If hip-hop’s visual language is graffiti, then dancehall’s visual language is the sign, the event poster—the notice that big t’ings a gwaan down di street. Take the analogy further and the differences are as noteworthy as the similarities: both are signifiers, even though graffiti signifies the artist himself, while the dancehall sign signifies an event. One is mostly expression, while the other is mostly communication. Both are art forms that came out of nothing, with almost no precedent, and both remain the only art in each genre that feels like the sound of each genre. Street art, outsider art, but more than anything, outlaw art.
But the comparison can only go so far, since dancehall is its own cultural phenomenon, and while we could waste time playing spot the influence, we forget that the music sprung almost fully formed, on the streets of Kingston. Dancehall art in turn could never have been made for any other musical genre, not even roots reggae, which was already on its way to being established music. There’s too much do-it-yourself spirit here. Too much plundering of whatever materials available, too much info scribbled and scrawled on the go, too much of function over form, and too much of the spunky creativity of a people, sometimes without resources to create.
It would be a surprise to many of the people who made these signs that this medium, where function triumphs over form every time, should emerge as its own art, with its own aesthetic—though if you are going to bring words like “aesthetic” into it, you’ve already missed the point. Back when I was a kid in the 70s, a dancehall sign felt like subversive code, an invite to something to which I would never be allowed to go. Something that to me just looked like Jamaica. You’d be surprised, less than 20 years after independence, how hard it was to find culture as you saw it in the street. For my parents’ generation, Dancehall wasn’t even culture.
A session wasn’t a place for decent people. Nobody was going to open “Shore Vibes,” with prayer, no church sister was going to be at “Dutty Fridaze,” at least not in plain sight. And you certainly wouldn’t have heard any of those songs on the radio. The people who put them on always traded in alter-egos—Mumsy as Simone! Keisha as Sexy!—that electrified my imagination. These were Reggae events, where the musician wasn’t the star so much as the record itself. And these were posters where the sound systems, like KILLAMANJARO, took on mythic status.
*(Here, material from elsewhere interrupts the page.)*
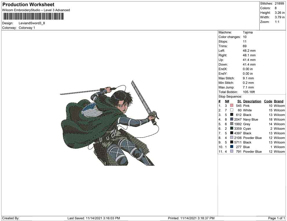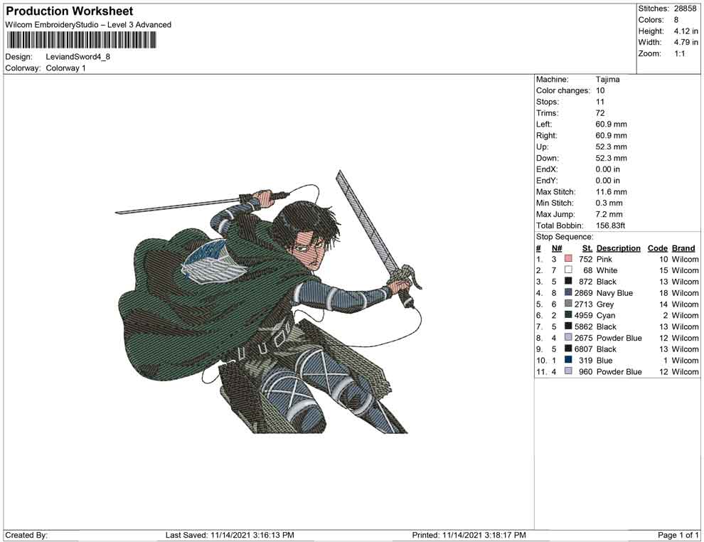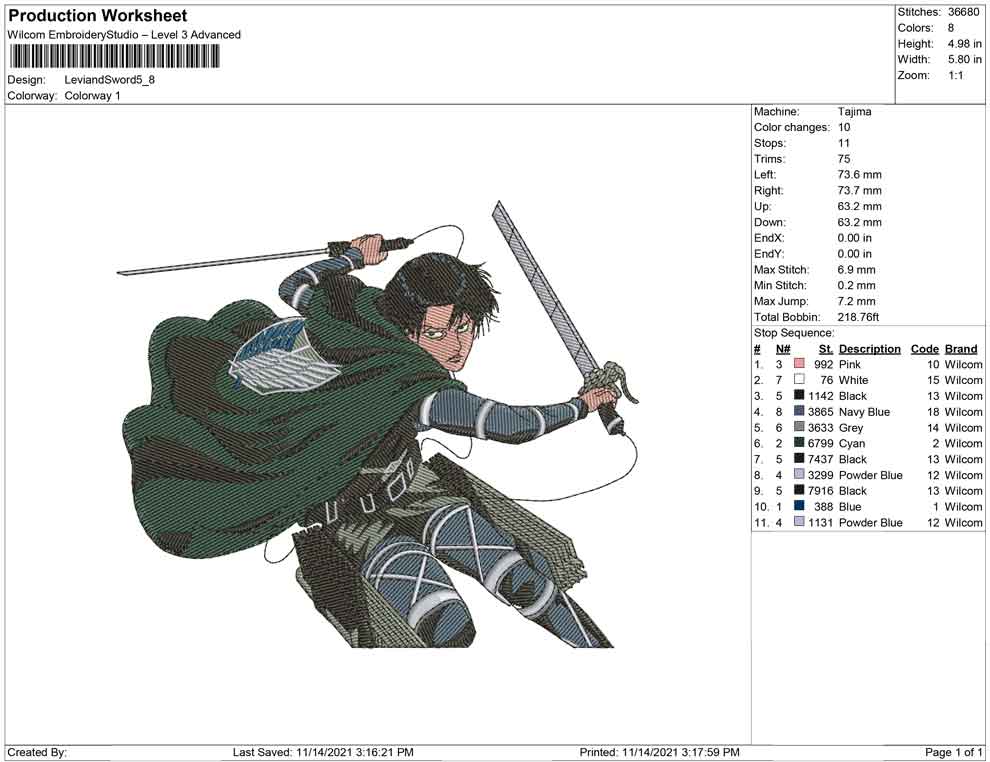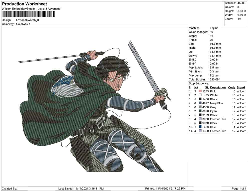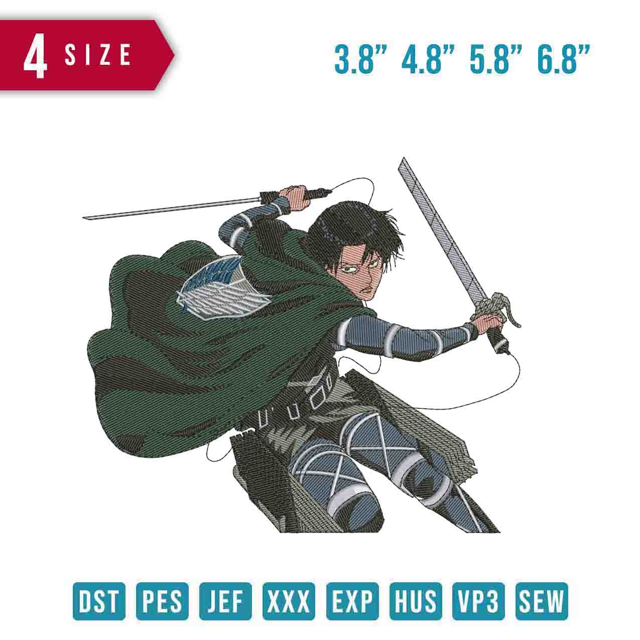 Levi and Sword embroidery design

But all this role-playing and mythmaking undercuts what is so special about the dancehall sign, which is its invitation to the realest of the real. People you might know, inviting you to come nice up de dance. Security: Your best behavior, meaning this event is ours, and good times are here to stay if we protect it. The dancehall poster is visual proof that dancehall happened and continues to happen. And proof of dancehall’s vitality is not in music videos, or Instagram posts, or how many rappers invite the hottest DJ to guest on their single. The proof is that sign that just went up on the lamp post, about that party next week that going bruk it dung, right down the street.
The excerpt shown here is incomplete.